После того мысль моя вернулась к Алпатову, как будто для того только она и складывалась: Алпатов на своем творческом пути непременно тоже должен встретиться с вечной игрушкой.
Стало много светлее. Неумытый, неодетый, сижу я на своей узенькой походной кровати и работаю, отдаваясь в писании этому птичьему чувству внутренней ритмики: лететь вперед, несмотря на морозы и бури. Да, конечно, если через десятки лет эта просьба у матери вечной игрушки является во сне и входит, как сила, в мой рабочий день, то сила эта большая, и сейчас поможет она мне приблизиться к пониманию истоков творчества. Прежде всего, конечно, всякий творец, в том числе и описанный в книге бытия, начинает создавать только себе на забаву, в силу той же самой внутренней ритмики, просто, как ребенок играет. Моя картина творчества должна начаться игрой ребенка, и тут же возле него мать, как у Пушкина в сказке: ребенок-богатырь понатужился в бочке, выбил дно и очутился с матерью на пустынном берегу. Начинается стрельба из лука в белую лебедь, и, наконец, маленький богатырь просит мать дать ему вечную игрушку. С этой игры можно будет и начать свою книгу бытия, постепенно через вечную игрушку переходя и к сознательному плану творчества: от создания света, разделения воды и суши, постепенно от низших форм жизни к самым высоким.

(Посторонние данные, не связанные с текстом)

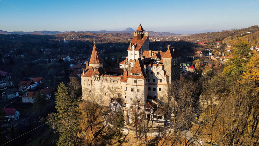 Aerial drone view of The Bran Castle in Romania. Medieval castle in Carpathians, yellowed trees, village
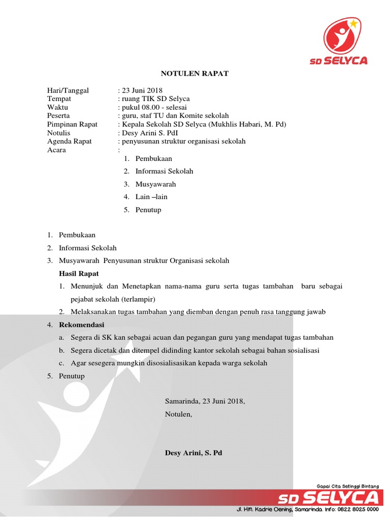 Contoh notulen rapat selama ini dalam berbagai kegiatan kadang tidak lepas dari yang namanya notulen. Dalam proses penyusunan penetapan dan pengesahan struktur organisasi sekolah madrasah diperlukan berbagai administrasi sebagai legalitas dasar hukum.
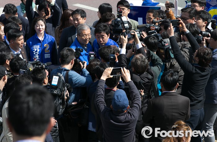 (아산=포커스뉴스) 5일 오전 충남 아산시 배방읍사무소 앞 사거리에서 김종인(왼쪽) 더불어민주당 비대위 대표 겸 선대위원장과 강훈식 아산을 후보가 유세를 마친 뒤 시민 및 지지자들과 인사하며 지지를 호소하고 있다.

Мною сделано довольно понятно в прежних книгах, что бывшее в Алпатове сознание среднего интеллигента-материалиста рушилось от соприкосновения с живой материей: вдруг оказалось, что интеллигентская материя насквозь выдумана, что ничего нет в ней действительно материального, как тоже очень мало съедобного в той вымытой дождями и обветренной кости, из-за которой животные постоянно все-таки грызутся между собой. Весенняя природа, освобожденная от ледяных оков река способствуют решимости Алпатова разбить свое интеллигентское прошлое и начать творчество не с теории, плана, а просто с игры, с занятного себе самому. Открытие протока дается ему свободной догадкой, возможность превращения болота в Золотую луговину является сама собой после беседы с крестьянином. Старую брошенную железнодорожную землечерпалку он переделывает, забавляясь, в плавучий экскаватор и до встречи с Клавдофорой работает играя. Пусть открытие Клавдофоры сразу остановит его резвую жизнь. Он, конечно, может съездить в столицу и там постепенно узнавать от ученых и в книгах все значение редчайшего реликта для науки. И вот, наконец, перед ним является росстань: на одной стороне – благополучие десятка деревень у болот на создаваемой им Золотой луговине, на другой – гибель одного растительного существа, необходимого для понимания отдаленных веков, жизни планеты и через них грядущего. Встреча с Клавдофорой для Алпатова сделается чем-то вроде иллюзии вечности, необходимой для всякого творца, чтобы создаваемая им вещь делалась прочной. Со стороны, при взгляде на вещи, конечно, каждому ясно, что не вечны они, но надо же понимать и язык сотворенных вещей, хорошие вещи все говорят: «Наша прочность ручается за то, что человек, создавая нас, думал о вечности».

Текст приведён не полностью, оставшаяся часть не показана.